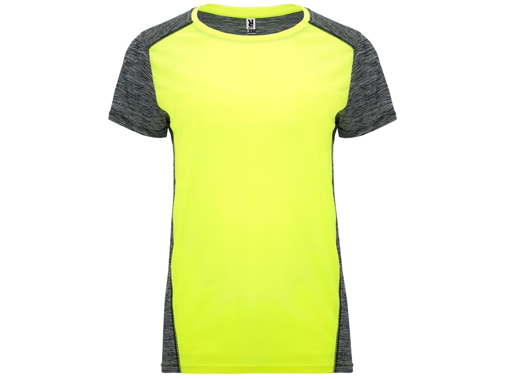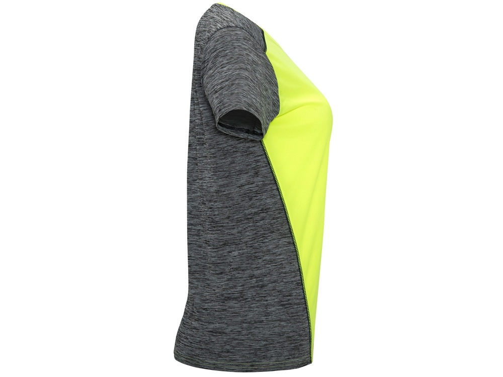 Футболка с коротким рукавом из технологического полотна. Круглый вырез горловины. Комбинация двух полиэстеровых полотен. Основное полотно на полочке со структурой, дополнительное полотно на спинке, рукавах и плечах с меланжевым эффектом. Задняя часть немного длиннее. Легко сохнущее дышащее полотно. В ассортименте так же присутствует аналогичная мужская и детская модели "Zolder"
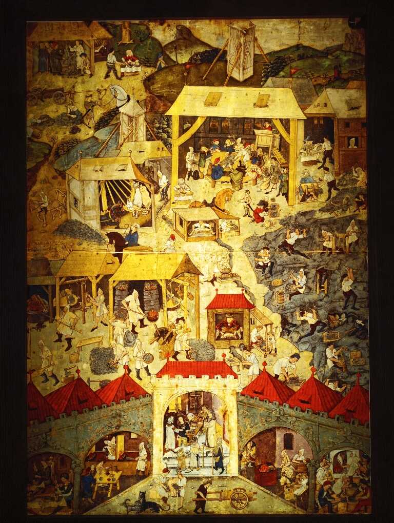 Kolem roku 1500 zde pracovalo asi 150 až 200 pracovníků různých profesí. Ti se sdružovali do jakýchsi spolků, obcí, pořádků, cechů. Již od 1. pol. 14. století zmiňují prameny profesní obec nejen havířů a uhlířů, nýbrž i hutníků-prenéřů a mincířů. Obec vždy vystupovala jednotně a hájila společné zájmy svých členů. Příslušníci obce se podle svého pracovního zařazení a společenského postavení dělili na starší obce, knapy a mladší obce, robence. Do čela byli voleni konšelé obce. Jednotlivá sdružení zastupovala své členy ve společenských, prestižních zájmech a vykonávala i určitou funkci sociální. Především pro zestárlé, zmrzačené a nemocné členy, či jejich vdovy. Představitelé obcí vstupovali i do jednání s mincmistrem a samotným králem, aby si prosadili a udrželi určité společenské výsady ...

* * *

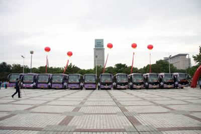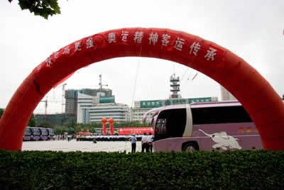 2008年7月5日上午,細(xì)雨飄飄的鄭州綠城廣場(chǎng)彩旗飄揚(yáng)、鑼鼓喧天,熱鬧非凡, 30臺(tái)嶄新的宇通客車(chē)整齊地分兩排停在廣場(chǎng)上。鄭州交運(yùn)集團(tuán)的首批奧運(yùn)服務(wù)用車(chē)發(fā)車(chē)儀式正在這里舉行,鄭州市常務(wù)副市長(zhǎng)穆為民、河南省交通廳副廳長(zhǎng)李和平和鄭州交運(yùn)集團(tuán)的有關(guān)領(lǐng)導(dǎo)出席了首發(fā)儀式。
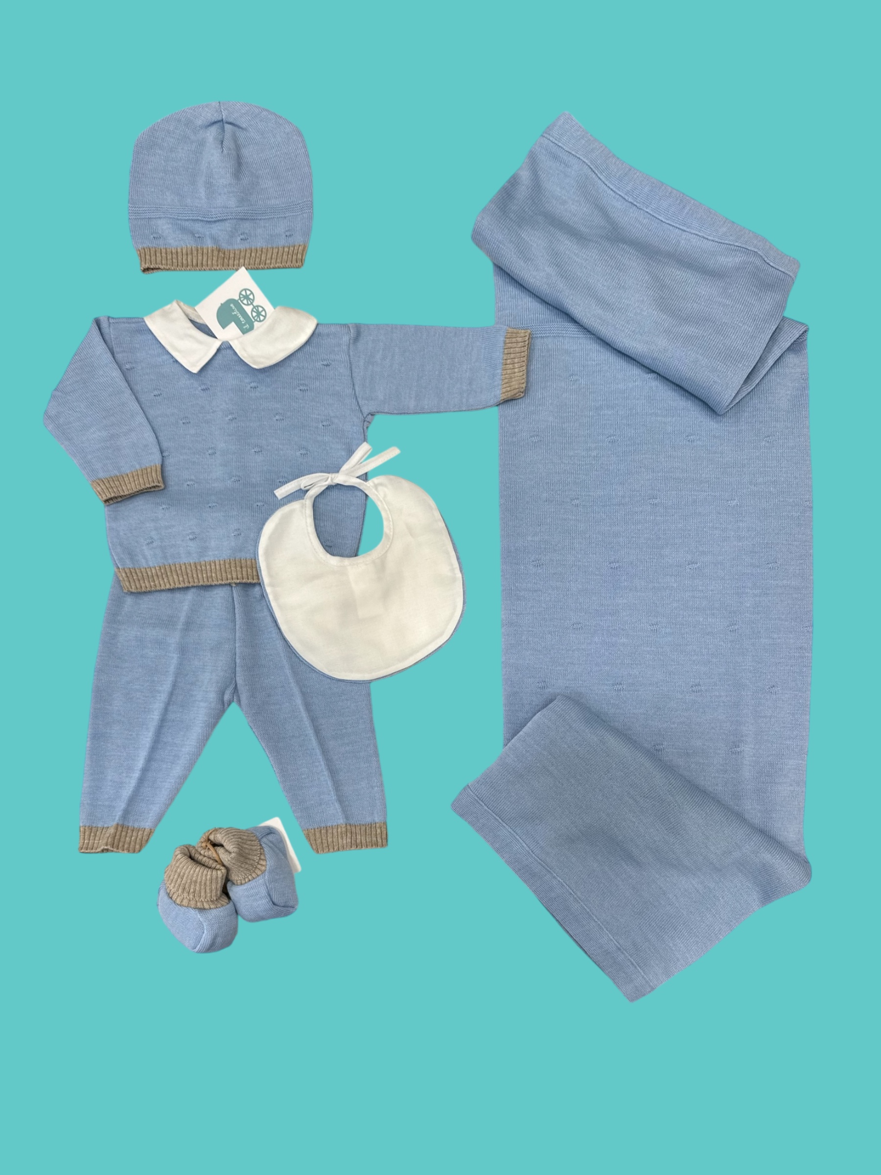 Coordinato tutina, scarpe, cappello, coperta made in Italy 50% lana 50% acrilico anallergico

---

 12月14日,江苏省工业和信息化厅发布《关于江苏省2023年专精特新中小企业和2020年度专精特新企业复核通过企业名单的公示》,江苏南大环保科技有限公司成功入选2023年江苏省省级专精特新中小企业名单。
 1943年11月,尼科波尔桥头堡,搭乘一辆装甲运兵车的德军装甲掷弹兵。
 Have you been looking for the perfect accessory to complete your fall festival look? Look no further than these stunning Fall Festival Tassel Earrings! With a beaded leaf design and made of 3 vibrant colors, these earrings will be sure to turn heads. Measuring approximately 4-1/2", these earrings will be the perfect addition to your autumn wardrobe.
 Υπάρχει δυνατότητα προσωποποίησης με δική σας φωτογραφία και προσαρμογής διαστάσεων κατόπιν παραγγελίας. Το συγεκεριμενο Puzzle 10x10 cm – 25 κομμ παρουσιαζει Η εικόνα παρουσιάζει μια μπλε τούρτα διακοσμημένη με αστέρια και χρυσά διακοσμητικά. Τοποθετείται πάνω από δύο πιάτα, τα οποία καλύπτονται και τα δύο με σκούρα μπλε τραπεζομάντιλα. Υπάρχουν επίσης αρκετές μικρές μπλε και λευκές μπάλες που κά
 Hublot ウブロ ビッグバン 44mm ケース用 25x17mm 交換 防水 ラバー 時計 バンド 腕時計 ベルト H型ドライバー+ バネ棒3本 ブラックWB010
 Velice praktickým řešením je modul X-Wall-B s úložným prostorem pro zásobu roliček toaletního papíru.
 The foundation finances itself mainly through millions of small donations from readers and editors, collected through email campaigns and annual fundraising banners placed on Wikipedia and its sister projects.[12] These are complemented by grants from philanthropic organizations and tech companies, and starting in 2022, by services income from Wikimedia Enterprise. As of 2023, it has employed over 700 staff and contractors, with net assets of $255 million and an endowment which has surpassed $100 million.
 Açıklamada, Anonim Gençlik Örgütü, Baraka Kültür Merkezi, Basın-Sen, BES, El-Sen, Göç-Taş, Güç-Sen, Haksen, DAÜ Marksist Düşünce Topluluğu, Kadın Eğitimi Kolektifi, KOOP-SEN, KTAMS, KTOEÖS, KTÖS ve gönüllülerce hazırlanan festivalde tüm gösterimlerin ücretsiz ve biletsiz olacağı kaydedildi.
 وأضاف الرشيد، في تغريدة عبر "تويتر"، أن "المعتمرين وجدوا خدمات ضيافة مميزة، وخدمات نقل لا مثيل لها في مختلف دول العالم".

> _Instructions for the task_
Output exactly the lines of the material above from the one containing "Velice praktickým řešením" up to and including the one containing "وأضاف الرشيد، في".

> _Completed exercise_
 Velice praktickým řešením je modul X-Wall-B s úložným prostorem pro zásobu roliček toaletního papíru.
 The foundation finances itself mainly through millions of small donations from readers and editors, collected through email campaigns and annual fundraising banners placed on Wikipedia and its sister projects.[12] These are complemented by grants from philanthropic organizations and tech companies, and starting in 2022, by services income from Wikimedia Enterprise. As of 2023, it has employed over 700 staff and contractors, with net assets of $255 million and an endowment which has surpassed $100 million.
 Açıklamada, Anonim Gençlik Örgütü, Baraka Kültür Merkezi, Basın-Sen, BES, El-Sen, Göç-Taş, Güç-Sen, Haksen, DAÜ Marksist Düşünce Topluluğu, Kadın Eğitimi Kolektifi, KOOP-SEN, KTAMS, KTOEÖS, KTÖS ve gönüllülerce hazırlanan festivalde tüm gösterimlerin ücretsiz ve biletsiz olacağı kaydedildi.
 وأضاف الرشيد، في تغريدة عبر "تويتر"، أن "المعتمرين وجدوا خدمات ضيافة مميزة، وخدمات نقل لا مثيل لها في مختلف دول العالم".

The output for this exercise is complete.